▶ **Work required**
Drop the pictures, then extract the listing word for word.

▶ **Recorded information**
====================
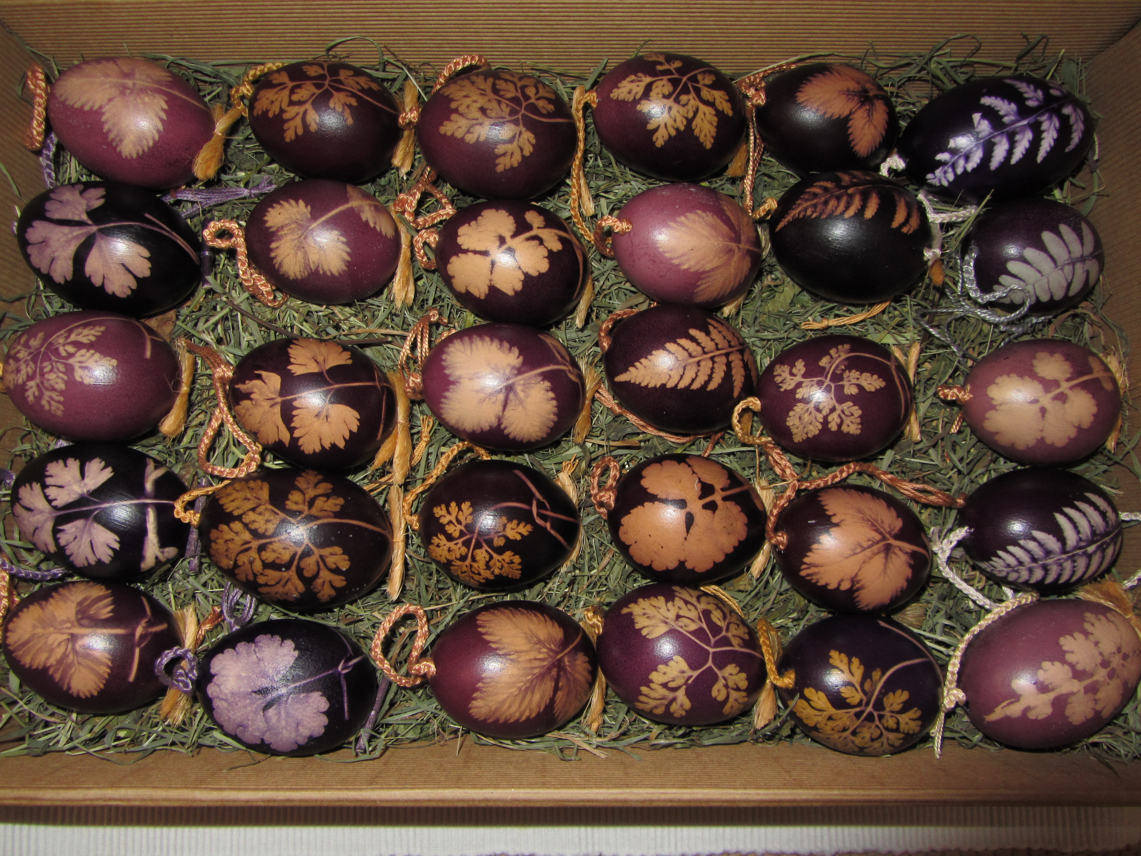 Sämtliche Eier werden von mir einzeln mit Motiven versehen und ausschließlich unter Verwendung natürlicher Farbgewinnung gefärbt:
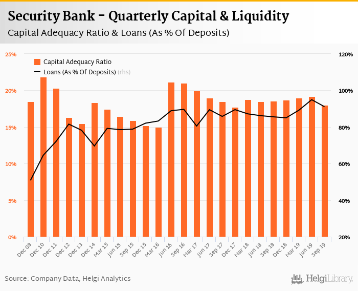 Security Bank's capital adequacy ratio reached 18.0% at the end of third quarter of 2019, down from 19.2% when compared to the previous quarter. Historically, the bank’s capital ratio hit an all time high of 21.8% in 4Q2010 and an all time low of 15.0% in 1Q2016.
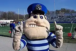 Louie the Laker is the mascot of Grand Valley State University, located in Allendale, Michigan. The costume of Louie consists of a large cartoonish face with an oversized jaw, a scowl, a blue and white striped shirt, blue pants, a blue captain's hat, and large black boots. He is seen at all football games as well as randomly around campus during events. According to short videos shown at Laker football games, Louie the Laker sleeps on the 50 yard line and dreams of Laker football.
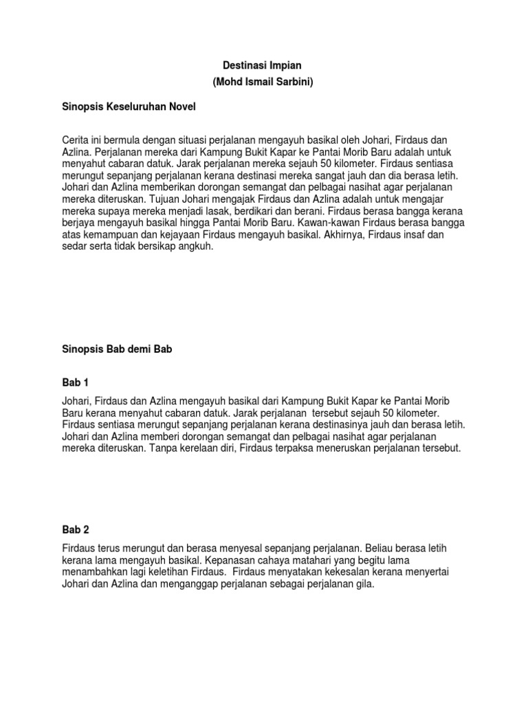 Sinopsis Keseluruhan Novel
====================
▶ **Answer to the exercise**
 Sämtliche Eier werden von mir einzeln mit Motiven versehen und ausschließlich unter Verwendung natürlicher Farbgewinnung gefärbt:
 Security Bank's capital adequacy ratio reached 18.0% at the end of third quarter of 2019, down from 19.2% when compared to the previous quarter. Historically, the bank’s capital ratio hit an all time high of 21.8% in 4Q2010 and an all time low of 15.0% in 1Q2016.
 Louie the Laker is the mascot of Grand Valley State University, located in Allendale, Michigan. The costume of Louie consists of a large cartoonish face with an oversized jaw, a scowl, a blue and white striped shirt, blue pants, a blue captain's hat, and large black boots. He is seen at all football games as well as randomly around campus during events. According to short videos shown at Laker football games, Louie the Laker sleeps on the 50 yard line and dreams of Laker football.
 Sinopsis Keseluruhan Novel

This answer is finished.